Савченко не гнушался, в отличие от других партчиновников, при проверке подразделений, заглянуть под солдатский матрас, покопаться в прикроватной тумбочке. Как волшебник, он всегда находил что-то неуставное, тыкая носом нерадивых командиров и политработников в свои находки. Он обычно говорил, что у солдата под матрасом можно найти всё - от презерватива до пистолета, надо только не лениться заглядывать.
Особую гордость вызывали у него найденные в одной из солдатских тумбочек, вырезанные из дерева мужские гениталии, хорошо отполированные и покрытые светлым лаком. Свою находку он нередко выставлял в кабинете, вгоняя в смущение дам из женсовета, которые приходили к нему на беседу.
Увидев меня, полковник Савченко поднялся из-за стола и, радушно улыбаясь, поздоровался за руку. Со стороны могло показаться, что он страшно рад нашей встрече, но я знал, что это сплошная видимость и лицемерие.

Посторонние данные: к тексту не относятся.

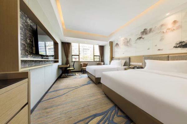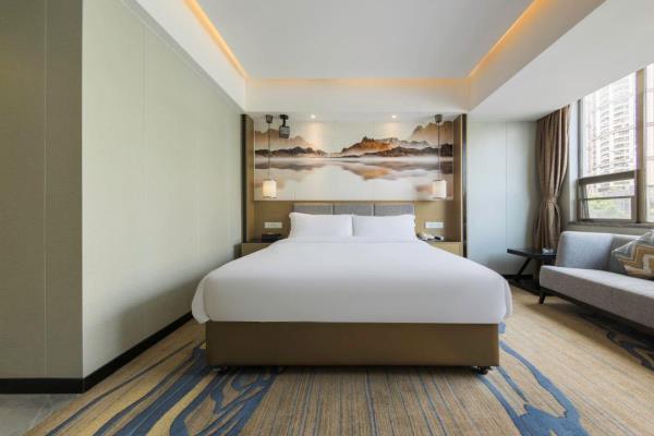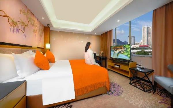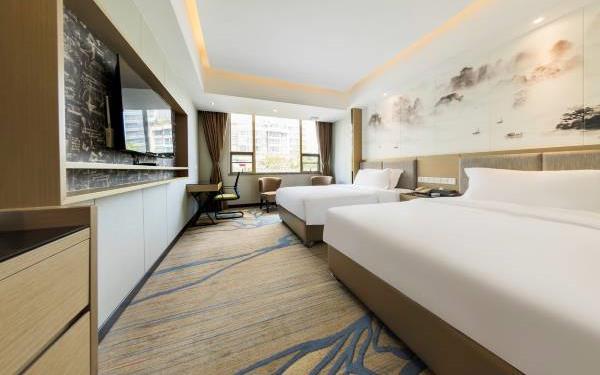 我们酒店位于江门市蓬江区迎宾大道中1号,生于闹市,静在独栋、少干扰、专注于住宿的轻奢式酒店。【舌尖】 咖啡饮品店4家、广式茶楼3家、便利店和餐饮店多家;【悠悠】鸡爪山,利和广场、幸福里、五邑大学、国金广场、东湖公园、江门中心医院等。 【房型】酒店多间客房,大床房,双床房,三床套房,电影房,棋牌套房供您选择。 【设计装修】酒店四季设计新颖,装饰豪华,布置温馨,宽敞双层中空玻璃大窗; 【设施设备】光纤千兆网络入房间;酒店七楼为空中花园、餐厅和日光浴区,以及自助洗衣、烘干服务和健身房;同时配备智能机器人,充电桩,免费停车场,为您的差旅生活提供便利。 【餐饮】酒店提供丰富的中西式自助早餐,原磨豆浆和手工点心回归原生生态。 【商务&会友】店内大堂休闲区宽敞明亮,亦是您休闲、会友的好地方 【小美期待您的到来!】
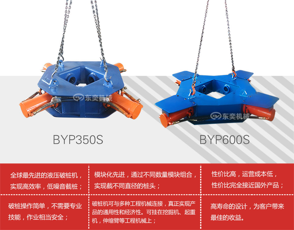 液壓破樁機截除:如灌注樁,預制樁等;從截樁頭成型形狀上分,可分為圓形破樁機和方形破樁機。破樁機在高鐵橋梁,工民建筑樁基工程中得到廣泛應用,一般方形截樁機適用于樁邊長250-650mm,可以滿足各類大型基礎施工的要求。

- Здорово, здорово, Лихачёв! - сказал он. - Решил вот, взглянуть в твои светлые очи. Давненько не виделись. Как служба? Не в тягость ещё?
- Да нет, пока, - ответил я, ожидая подвоха.
Савченко прошелся по кабинету, потом сказал как бы в раздумье:
- Тебя пора уже выдвигать. Сколько ты замполитом роты ходишь? Четвёртый год? Но сам понимаешь, неженатых мы не выдвигаем. Такова установка ЧВС генерал-майора Рощупко. А ты у нас лихач, не зря у тебя фамилия такая. Бегаешь до сих пор за бабами, моральный облик коммуниста, понимаешь, не на высоте. Следовательно, никакого примера для подчиненных. Мы же не можем тебя двинуть на партком, вдруг потом блядством займешься. Что с тобой тогда делать? - Савченко пристально посмотрел на меня, словно решая в уме сложную математическую задачку.
- Но ведь на меня жалоб не было, - ответил я, нарушив молчание, - да и по службе нареканий нет. Недавно округ у нас политзанятия проверял - всё нормально.
- Нет, ты всё же посмотри серьезно на этот момент. Установка, есть установка. Мы пропустим - округ всё равно завернёт твою кандидатуру. Если невесты нет на примете, то можем помочь с подбором. Здесь у некоторых преподавателей есть дочки, так сказать, на выданье. Сыграем хорошую комсомольскую свадьбу.
- Да нет, я лучше сам поищу! - не сдавался я.
- Ну, смотри, смотри! - покачал головой Савченко, - как бы тебе не засидеться в замполитах надолго. На большее рассчитывать не сможешь. Растрата семенного фонда у нас не приветствуется.
- Это как в известном анекдоте?
- Вот именно!
С чувством собственной правоты я вышел из кабинета Савченко. Не знаю, как другие, терпеть не могу, когда на меня давят. Хочется сделать что-нибудь наперекор этому давлению, с точностью наоборот. Тут уж ничего не исправить в характере!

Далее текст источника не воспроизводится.